Дни сменяли друг друга, одинаковые, как близнецы. Это был очередной день его заточения. Над Мейфором всходило солнце, комнату наполняла прохлада, а по потолку разгуливали серые тени. Принц безрадостно скинул тяжелое одеяло и потер глаза. Он едва успел одеться, когда услышал шаркающие шаги. В замке завертелся ключ. Дверь отворилась. Появились два почтенных старика с выражением всезнания и глубокой усталости на лицах. Один некогда обучал принца точным наукам, а второй помогал мальчику овладеть искусством словесности. Принц узнал обоих и назвал по имени. Старцы недовольно переглянулись: видимо, приказ короля состоял в том, чтобы Роберт их, наоборот, не узнал, и оттого его можно было бы признать самозванцем. Но пленник королевских надежд не оправдал. Он с легкостью ответил на их вопросы о семье, о детстве, о Мейфоре.
– Ну как, прошел я вашу проверку? – поинтересовался Роберт.
Учителя снова переглянулись и, не дав ответа, вышли за дверь.
Поток посетителей в этот день не иссякал до вечера. Принца навестили и няньки, и слуги, и лекарь, и портные, и даже цирюльник. Принц вспомнил всех посетителей, некоторых с меньшим, некоторых с большим трудом. Совершенно не узнал лишь одного человека – рослого, могучего и диковатого мужчину с роскошной бородой и длинными черными волосами, собранными в высокий хвост. Из-под его рукавов проглядывал узор черных шрамов.
– А вот вас я не помню, – прищурился принц, разглядывая странного гостя.
Мужчина ухмыльнулся.
– Правильно. Я недавно пришел на службу к королю. Дант Гарс, охотник на ведьм, – пояснил он.
– Роберт юн Реймстон, – в ответ представился принц.
Его стрелой пронзил взгляд охотника. Дант Гарс принюхался и сказал:
– От тебя пахнет колдовством.
– У колдовства есть запах?
– Есть. И премерзкий.
Холодные объятия страха мигом сжали Роберта. Но он, тоже принюхавшись, рассмеялся:
– Не знаю, я не чувствую.
– Ты приехал из Дакхаара, а где Дакхаар – там и колдовство.
– Из Дакхаара? Нет, я приехал из Заморья! – возразил принц.
Хоть он и пытался говорить уверенно, его слова походили на лепет. Охотник хмыкнул:
– Капитан корабля – дакхаарец. Заморского языка ты, догадываюсь, не знаешь. И от тебя воняет колдовством.

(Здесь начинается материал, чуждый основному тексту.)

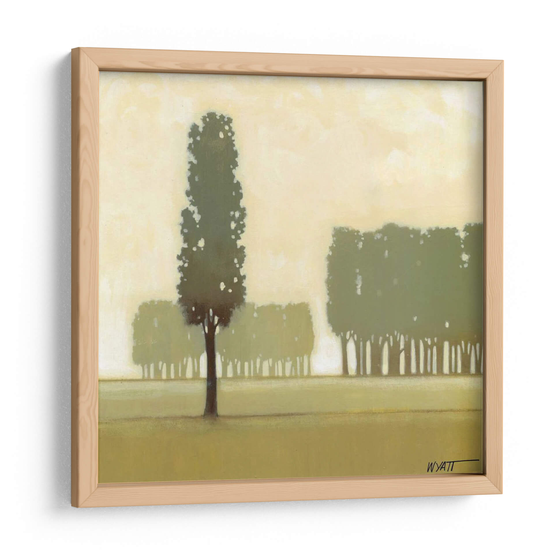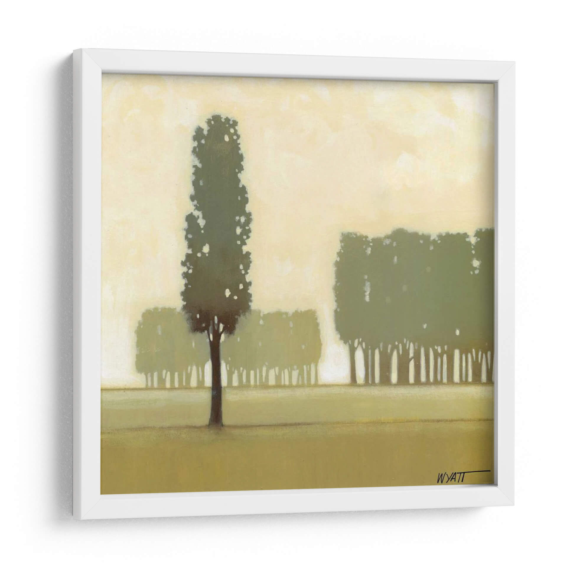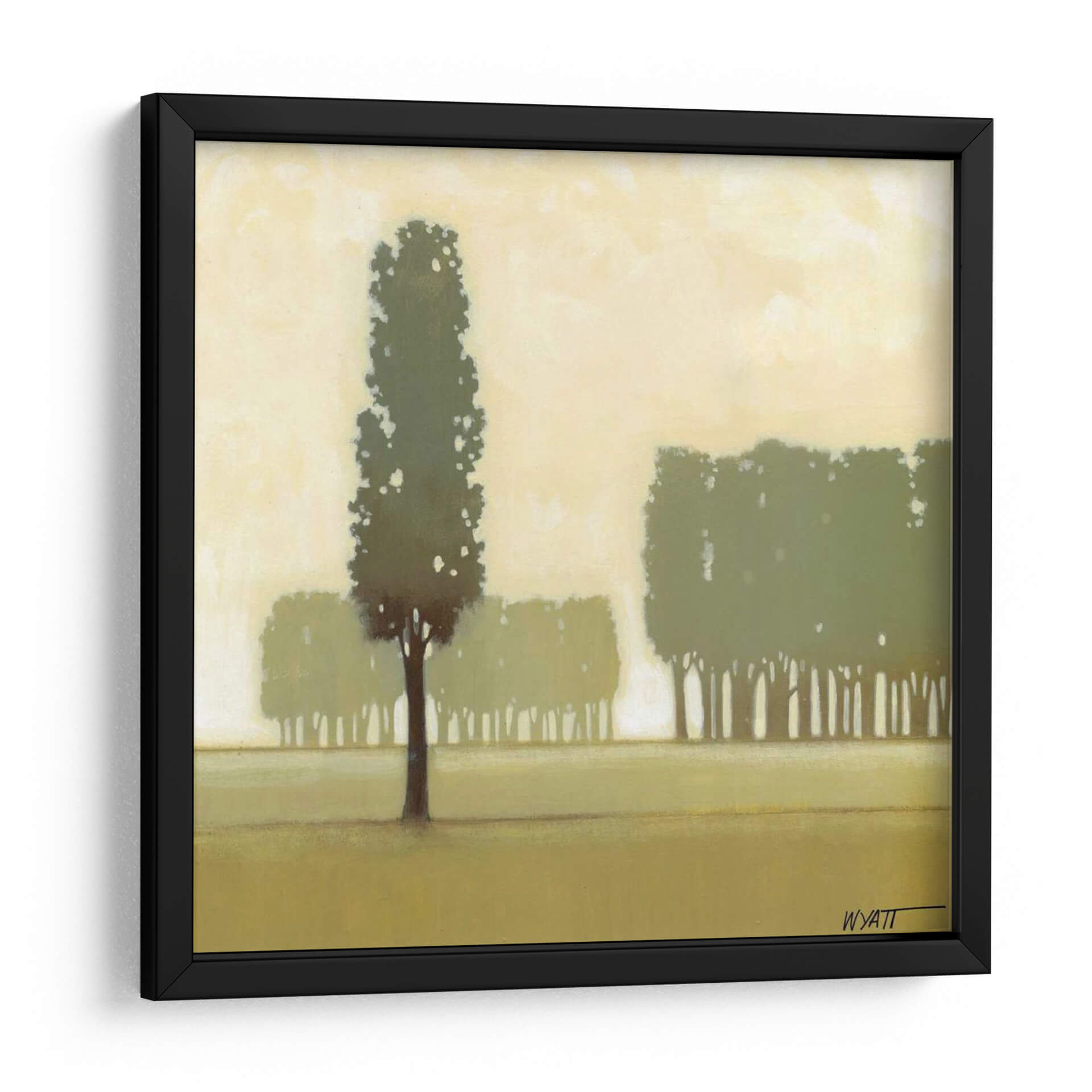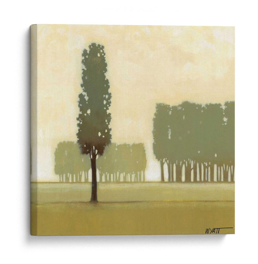 Sumérgete en la serenidad de la naturaleza con "Moss Grove I", una obra de arte que captura la esencia de un bosque sutil y etéreo. Este cuadro decorativo, del artista Norman Wyatt Jr., presenta una composición minimalista donde las siluetas de árboles se elevan contra un cielo brumoso en tonos tierra y verdes apagados. La paleta de colores suaves, dominada por ocres, verdes musgo y amarillos pálidos, crea una atmósfera de calma y contemplación, ideal para cualquier espacio que busque un oasis de tranquilidad. La técnica, que sugiere pinceladas delicadas, aporta una textura visual sutil sin distraer del tema principal. La pieza evoca una sensación de paz profunda y conexión con el entorno natural, haciendo de este cuadro una elección perfecta para salones, dormitorios o estudios que deseen un toque de sofisticación orgánica. "Moss Grove I" no es solo una decoración, es una invitación a la introspección y al disfrute de la belleza serena del mundo natural. Su estilo contemporáneo y su temática universal lo convierten en una adición versátil y atemporal para tu hogar u oficina, aportando un aire de frescura y serenidad.

– Ну и что? – сказал Роберт в свое оправдание.
– А что будет, когда я копну глубже? Когда допрошу моряков? Когда пообщаюсь с заморцами, у которых, по твоим словам, ты жил? Выясню ли я, что ты лжешь?
– Так вы сначала выясните, а потом поговорим.
– Поговорим, это я обещаю.
Охотник неспешно встал. Он заслонил собой окно, и Роберт снова почувствовал себя беззащитным пленником в темнице, откуда единственный выход – смерть.
– Ты бы видел, как я расправляюсь с ведьмами, – услышал он напоследок.
Дант Гарс запер дверь. У принца внутри все свербело. Столько усилий они с Анной Мельден вложили в легенду: заплатили нужным людям, добрались до Заморья, чтобы нанять там корабль, купили заморскую одежду, в конце концов! Но все равно остались пробелы, хлипкие створки, неспособные запереть правду.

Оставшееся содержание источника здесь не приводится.